Postby Samwise » 14 Oct 2014 23:12

This dread was not exactly a dread of physical evil—and yet I should be at a loss how otherwise to define it. I am almost ashamed to own—yes, even in this felon's cell, I am almost ashamed to own—that the terror and horror with which the animal inspired me, had been heightened by one of the merest chimaeras it would be possible to conceive. My wife had called my attention, more than once, to the character of the mark of white hair, of which I have spoken, and which constituted the sole visible difference between the strange beast and the one I had destroyed. The reader will remember that this mark, although large, had been originally very indefinite; but, by slow degrees—degrees nearly imperceptible, and which for a long time my Reason struggled to reject as fanciful—it had, at length, assumed a rigorous distinctness of outline. It was now the representation of an object that I shudder to name—and for this, above all, I loathed, and dreaded, and would have rid myself of the monster had I dared—it was now, I say, the image of a hideous—of a ghastly thing—of the GALLOWS!—oh, mournful and terrible engine of Horror and of Crime—of Agony and of Death!
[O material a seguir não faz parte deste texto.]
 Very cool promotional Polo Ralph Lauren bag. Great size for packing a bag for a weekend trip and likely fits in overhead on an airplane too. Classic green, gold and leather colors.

Vampire wrote:Este pavor não era exactamente um pavor do mal físico, no entanto, não saberia como defini-lo de outra forma. Quase tenho vergonha de reconhecer, sim, mesmo nesta cela de criminoso, quase tenho vergonha de reconhecer que o terror e o horror que o animal me inspirava, haviam aumentado graças a uma das mais simples quimeras que seria possível conceber. Por mais de uma vez, a minha mulher chamara-me a atenção para a natureza da mancha de pêlo branco de que falei, que constituía a única diferença visível entre o estranho animal e aquele que eu havia matado. O leitor recordar-se-á que esta mancha, embora grande, fora originalmente bastante indefinida; mas, de forma gradual, gradual ao ponto de ser quase imperceptível, e apesar de, por muito tempo, a minha Razão se ter debatido por rejeitar como fantasiosa, acabou por assumir uma rigorosa distinção de contorno. Era agora a representação de um objecto que tremo ao nomear, e por isto, acima de tudo, abominava e temia o monstro, e ter-me-ia livrado dele se tivesse ousado. Era agora, digo, a imagem de uma coisa hedionda, de uma coisa pavorosa dos PATÍBULOS! Oh, terrível e fúnebre motor de Horror e de Crime, de Agonia e de Morte!
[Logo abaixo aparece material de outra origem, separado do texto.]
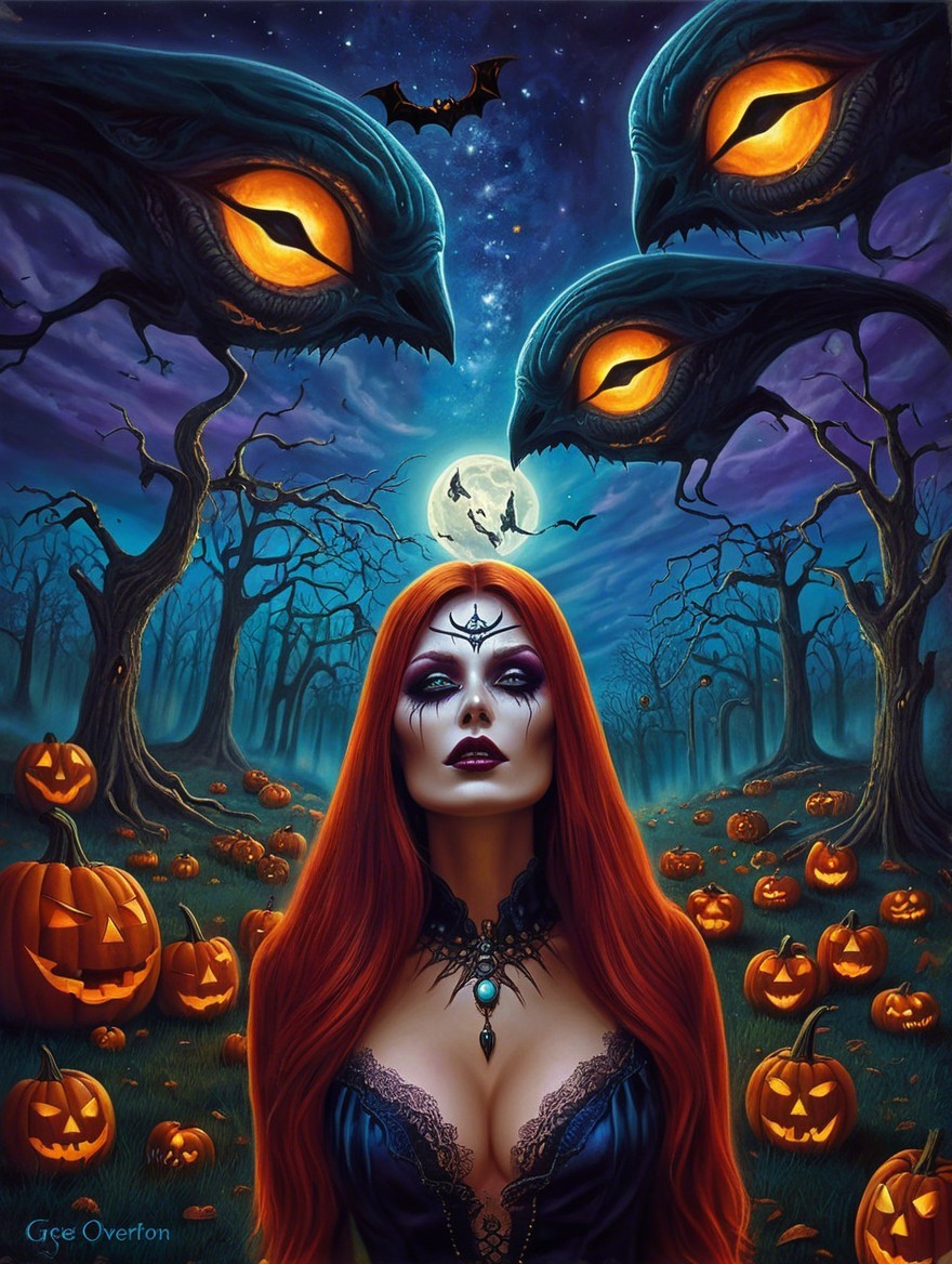 Mystical Woman in Dark Attire with Jack-o'-Lanterns

Uma alternativa, que também necessita de ser trabalhada.

Este pavor não derivava propriamente de uma ameaça física, e no entanto não encontro melhor maneira para o formular. Sinto-me quase envergonhado de admitir - mesmo na reclusão desta cela prisional, sinto-me quase envergonhado de admitir - que o terror e o horror que o animal me transmitia haviam sido acentuados por uma das mais simples quimeras possíveis de conceber. Por mais de uma vez, a minha mulher tinha-me alertado para a singularidade da mancha branca no pêlo do animal, da qual eu já falei, e que constituía a única diferença discernível entre esta estranha criatura e aquela que eu havia destruído. O leitor há-de recordar-se que esta mancha, apesar de abrangente, se mostrava inicialmente bastante indefinida; mas, aos poucos e poucos, de forma quase imperceptível, e de uma maneira que a minha Razão recusou aceitar, a mancha transfigurou-se até assumir contornos rigorosamente delineados. Apresentava agora a forma de um mecanismo que estremeço ao mencionar – e era por esta razão, acima de tudo, que eu odiava e temia, e que me teria feito livrar do monstro se a tal me atrevesse – esta marca apresentava agora, dizia, a forma de um horrendo e assustador mecanismo: de um CADASFALSO! Oh, pavoroso e terrível engenho de Horror e de Crime, de Agonia e de Morte!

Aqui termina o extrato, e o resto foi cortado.